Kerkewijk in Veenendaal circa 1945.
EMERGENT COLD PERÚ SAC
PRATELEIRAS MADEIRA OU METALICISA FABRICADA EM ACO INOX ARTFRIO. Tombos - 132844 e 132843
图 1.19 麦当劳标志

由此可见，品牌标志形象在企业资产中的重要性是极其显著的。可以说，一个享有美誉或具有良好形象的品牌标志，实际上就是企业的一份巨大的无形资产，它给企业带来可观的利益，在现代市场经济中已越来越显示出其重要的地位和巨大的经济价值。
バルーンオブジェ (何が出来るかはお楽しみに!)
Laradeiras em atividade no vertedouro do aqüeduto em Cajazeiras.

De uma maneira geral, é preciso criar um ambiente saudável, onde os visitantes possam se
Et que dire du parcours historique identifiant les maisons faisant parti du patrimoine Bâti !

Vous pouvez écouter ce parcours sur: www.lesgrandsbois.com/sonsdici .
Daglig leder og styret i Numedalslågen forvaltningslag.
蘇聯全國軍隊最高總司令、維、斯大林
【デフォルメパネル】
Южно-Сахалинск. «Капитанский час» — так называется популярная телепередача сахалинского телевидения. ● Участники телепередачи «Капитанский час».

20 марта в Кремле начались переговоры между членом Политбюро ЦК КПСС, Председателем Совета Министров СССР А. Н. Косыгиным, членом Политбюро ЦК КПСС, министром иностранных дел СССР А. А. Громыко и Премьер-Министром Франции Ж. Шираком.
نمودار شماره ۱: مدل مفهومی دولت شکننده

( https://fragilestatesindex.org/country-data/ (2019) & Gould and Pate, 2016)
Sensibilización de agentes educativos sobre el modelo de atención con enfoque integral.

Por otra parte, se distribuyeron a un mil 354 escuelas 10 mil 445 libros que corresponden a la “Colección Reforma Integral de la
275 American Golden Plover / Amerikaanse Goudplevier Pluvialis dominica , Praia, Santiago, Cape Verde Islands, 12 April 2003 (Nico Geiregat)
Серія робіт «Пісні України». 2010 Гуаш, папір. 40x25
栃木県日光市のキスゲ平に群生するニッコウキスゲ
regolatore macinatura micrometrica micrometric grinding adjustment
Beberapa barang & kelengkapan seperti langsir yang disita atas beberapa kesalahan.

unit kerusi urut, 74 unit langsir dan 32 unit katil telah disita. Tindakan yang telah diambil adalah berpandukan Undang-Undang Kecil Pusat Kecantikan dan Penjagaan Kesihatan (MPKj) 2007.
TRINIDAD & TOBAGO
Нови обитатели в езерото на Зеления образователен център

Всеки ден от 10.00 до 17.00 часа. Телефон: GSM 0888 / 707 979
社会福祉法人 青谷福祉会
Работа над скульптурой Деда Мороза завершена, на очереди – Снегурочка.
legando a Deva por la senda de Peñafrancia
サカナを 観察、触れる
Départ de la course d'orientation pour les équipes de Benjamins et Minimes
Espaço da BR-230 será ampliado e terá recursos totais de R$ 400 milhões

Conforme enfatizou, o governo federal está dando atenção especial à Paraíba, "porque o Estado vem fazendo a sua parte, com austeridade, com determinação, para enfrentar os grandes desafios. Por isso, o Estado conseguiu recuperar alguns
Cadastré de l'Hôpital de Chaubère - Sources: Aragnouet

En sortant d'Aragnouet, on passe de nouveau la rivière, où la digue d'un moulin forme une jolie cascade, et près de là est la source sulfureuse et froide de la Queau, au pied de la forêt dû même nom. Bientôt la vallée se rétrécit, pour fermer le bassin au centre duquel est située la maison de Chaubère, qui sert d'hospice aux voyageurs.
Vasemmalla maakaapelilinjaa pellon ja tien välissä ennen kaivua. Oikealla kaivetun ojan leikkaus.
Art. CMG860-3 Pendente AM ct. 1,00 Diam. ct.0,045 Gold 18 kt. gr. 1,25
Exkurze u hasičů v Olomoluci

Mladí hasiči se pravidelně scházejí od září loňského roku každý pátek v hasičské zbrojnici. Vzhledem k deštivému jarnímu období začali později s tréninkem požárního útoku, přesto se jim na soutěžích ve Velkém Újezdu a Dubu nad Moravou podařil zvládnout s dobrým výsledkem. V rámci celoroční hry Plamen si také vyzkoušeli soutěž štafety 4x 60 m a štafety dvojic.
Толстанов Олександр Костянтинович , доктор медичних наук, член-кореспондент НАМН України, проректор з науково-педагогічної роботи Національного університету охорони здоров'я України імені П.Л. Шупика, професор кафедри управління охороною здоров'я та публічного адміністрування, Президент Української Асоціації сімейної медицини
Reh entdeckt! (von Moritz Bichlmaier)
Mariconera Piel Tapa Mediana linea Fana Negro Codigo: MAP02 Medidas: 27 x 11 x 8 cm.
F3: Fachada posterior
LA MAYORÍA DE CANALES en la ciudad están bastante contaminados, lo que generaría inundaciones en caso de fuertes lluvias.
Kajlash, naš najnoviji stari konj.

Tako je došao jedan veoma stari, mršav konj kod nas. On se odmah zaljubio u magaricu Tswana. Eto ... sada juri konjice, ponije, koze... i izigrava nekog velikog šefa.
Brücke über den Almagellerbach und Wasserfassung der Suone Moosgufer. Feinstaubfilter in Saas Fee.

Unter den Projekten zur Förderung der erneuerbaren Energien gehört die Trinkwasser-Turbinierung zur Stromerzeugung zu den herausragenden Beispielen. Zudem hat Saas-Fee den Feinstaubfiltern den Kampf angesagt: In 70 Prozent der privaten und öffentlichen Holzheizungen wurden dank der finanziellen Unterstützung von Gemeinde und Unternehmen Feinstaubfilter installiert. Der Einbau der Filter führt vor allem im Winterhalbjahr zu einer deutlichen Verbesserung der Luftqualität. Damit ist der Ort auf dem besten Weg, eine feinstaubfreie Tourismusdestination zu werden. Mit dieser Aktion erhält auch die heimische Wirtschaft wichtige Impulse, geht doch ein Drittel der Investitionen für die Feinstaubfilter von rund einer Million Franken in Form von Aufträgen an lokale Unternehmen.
= = = =
Report the number of lines above containing the string "Chaubère" as your sole answer.

### [Response box]
2